▶ WORK INSTRUCTIONS: Using the data below, return word for word every line from the one holding "Verspielte Spinnensocken mit" down to the one holding "银行研讨发言:建行优化供给精准滴灌,五篇大文章取得新成效". Leave pictures out.

▶ STORED DATA:
--
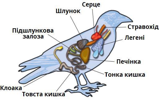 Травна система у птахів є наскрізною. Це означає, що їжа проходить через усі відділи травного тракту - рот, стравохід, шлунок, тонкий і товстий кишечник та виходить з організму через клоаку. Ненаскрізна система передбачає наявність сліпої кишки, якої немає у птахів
--
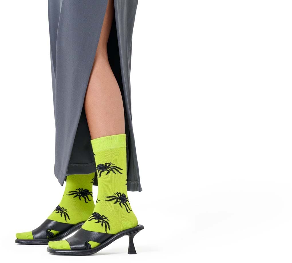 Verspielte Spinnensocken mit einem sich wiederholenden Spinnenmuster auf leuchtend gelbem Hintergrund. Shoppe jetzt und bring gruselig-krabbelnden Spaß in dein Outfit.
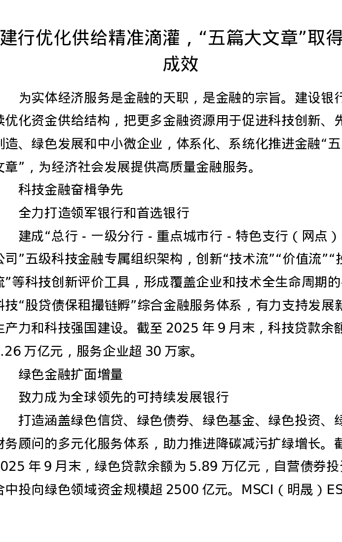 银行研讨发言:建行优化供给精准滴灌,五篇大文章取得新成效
--
▶ ANSWER SECTION:
 Verspielte Spinnensocken mit einem sich wiederholenden Spinnenmuster auf leuchtend gelbem Hintergrund. Shoppe jetzt und bring gruselig-krabbelnden Spaß in dein Outfit.
 银行研讨发言:建行优化供给精准滴灌,五篇大文章取得新成效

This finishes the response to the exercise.